As others have said:
Resident Evil 4 (best use of the wiimote yet in my mind)
Okami (more or less required)
And if you get Mariokart, I
strongly recommend avoiding trying to use the wheel or wiimote tilting options. It's maddening trying to deal with the motion controls for that game, though the more minor things like shaking the nunchuck to do a trick works pretty well and functions nicely as an especially intuitive extra button.
Kysafen said:
Twilight Princess was like seeing someone take a piss on the treehouse you used to go to and chop it down with an axe with the word "hardcore" inscribed on it because it didn't take itself seriously enough. Read: I fucking hated Twilight Princess. Whimsy? Childlike sense of wonder? The feeling that you're right back in your backyard, swinging a sharpened stick with a tape hilt, that feeling that you got with every [http://en.wikipedia.org/wiki/Oracle_of_Seasons] other [http://www.amazon.com/Classic-NES-Legend-Game-Boy-Advance/dp/B0001ZZNME/ref=sr_1_1?ie=UTF8&qid=1315363215&sr=8-1] Zelda [http://en.wikipedia.org/wiki/The_Legend_of_Zelda:_Ocarina_of_Time] you've [http://en.wikipedia.org/wiki/The_Legend_of_Zelda:_Majora%27s_Mask] played [http://en.wikipedia.org/wiki/The_Legend_of_Zelda:_A_Link_to_the_Past_%26_Four_Swords] beforehand [http://en.wikipedia.org/wiki/The_Legend_of_Zelda:_The_Wind_Waker]? Nope, fuck that shit, all you have now is this new "adult Link" that's supposed to relate most to the people that grew up with Ocarina of Time to symbolize how the fans grew up. Fuck growing up. The world sucks when you're grown up. You have responsibility, your parents went through a nasty divorce, you can never call the house you spent the first sixteen years of your life the home as you once knew it ever again, your best friends have all moved away, and now you're thrown in college trying to find the right balance between a job, study time, and what little time remains for sleep.

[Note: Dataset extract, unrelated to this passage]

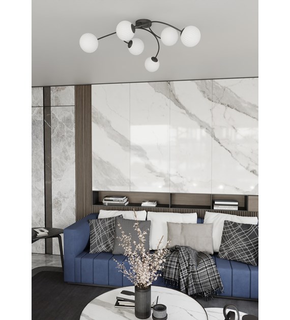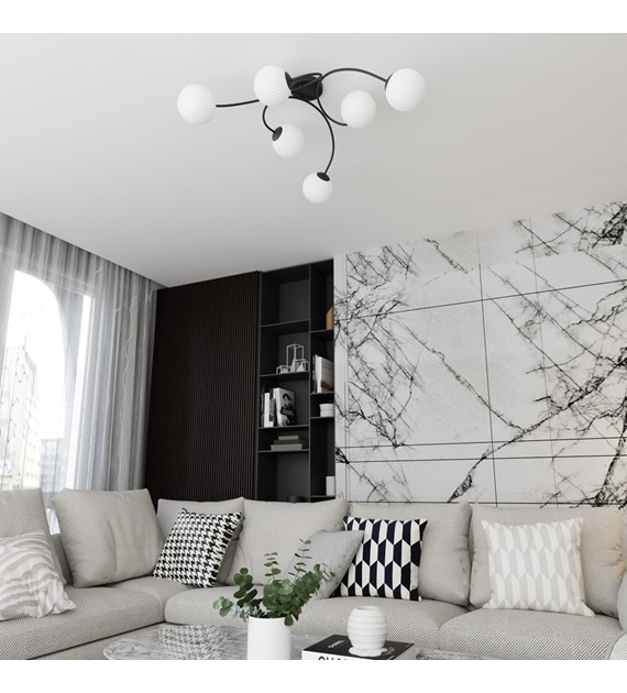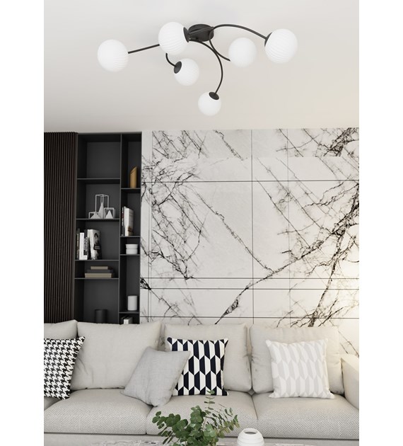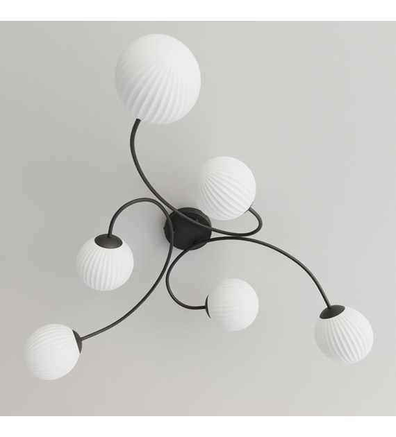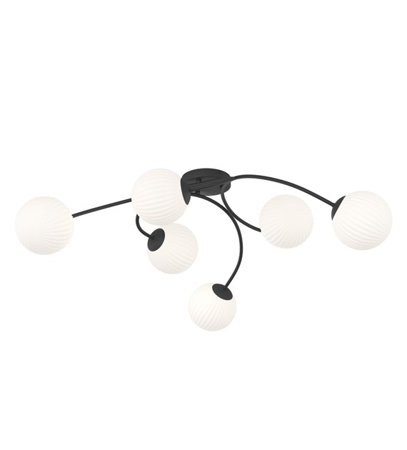 Plafonnier Vibra 6, verre opalin, monture noire, diffusion uniforme

This may be reading too much into it, but this sounds like you heard that was the intention and just decided to dislike it.

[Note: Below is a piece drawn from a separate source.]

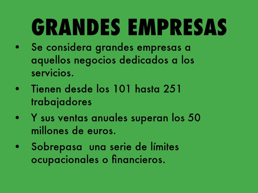 Se considera grandes empresas a aquellos negocios dedicados a los servicios.

...go back and play Majora's Mask. Seriously, that game was
absurdly dark. It has more of a fairy-tale vibe to it maybe, but definitely conforms more to the this-is-so-not-for-children sort of fairy tale than Twilight Princess ever manages.
Hell, Ocarina of Time involved ruined cities filled with undead (err, redead - whatever that means). Not exactly whimsical. And that's without even mentioning the unbelievably creepy shit involved in the bottom of the well. Or wallmasters, or any number of other very, very dark, very not-whimsical parts of the game. In all honesty, I don't think there's very much whimsy
at all once you get through the first three kid dungeons (a couple of hours into the game).
And Twilight Princess had plenty of whimsy. The art style was far from entirely realistic and the game has everything from ridiculous-looking yetis to infant shopkeepers to anthropomorphic animals (...furry Link...) to helpful monkeys to an entire area of weird little bird creatures in the sky that you reach by firing yourself out of a canon.
I think more than anything else the divergences introduced by Twilight Princess are (a) an actual persistent narrative and (b) a larger world with less sudden transitions.
The storyline of most Zelda games (those that have much of a storyline at all) is all about a central problem set up at the beginning and then a bunch of area-specific issues that somehow culminate in the resolution of that problem. Twilight Princess had actual narrative - things happened to characters throughout the game, they moved, and they interacted with the story repeatedly. The bad guys didn't just show up, create a problem, and then leave/sit around in places waiting for you to get there - they came and kidnapped people and generally made problems for you repeatedly. Another aspect of this is the fact that the world had backstory that was relevant to the current story beyond "oh, there was a prophecy or something".
And the larger world does a lot to create this different feeling too. In other 3D Zelda games, you have a bunch of vaguely elemental, relatively small areas with very sharp borders. The world of Twilight Princess feels more organic with large overworld areas (actually used for something other than adding walking time between places might I add). And the plot actually connects these places together and to the overarching storyline rather than simply sending you to them to retrieve a set of MacGuffins you've been told you need to progress (though those are usually still there too - this being a Zelda game after all).
I'll give you that all of these things bring it closer to epic fantasy rather than fairy tale, but some of them are, I think, pretty inevitable responses to the current generation of gaming (actually being able to build large worlds and fit more engaging, continuous storylines into the game). And I thought they did a terrific job of keeping enough fairy tale elements and bits of whimsy to keep things recognisable and uniquely Zelda-ish.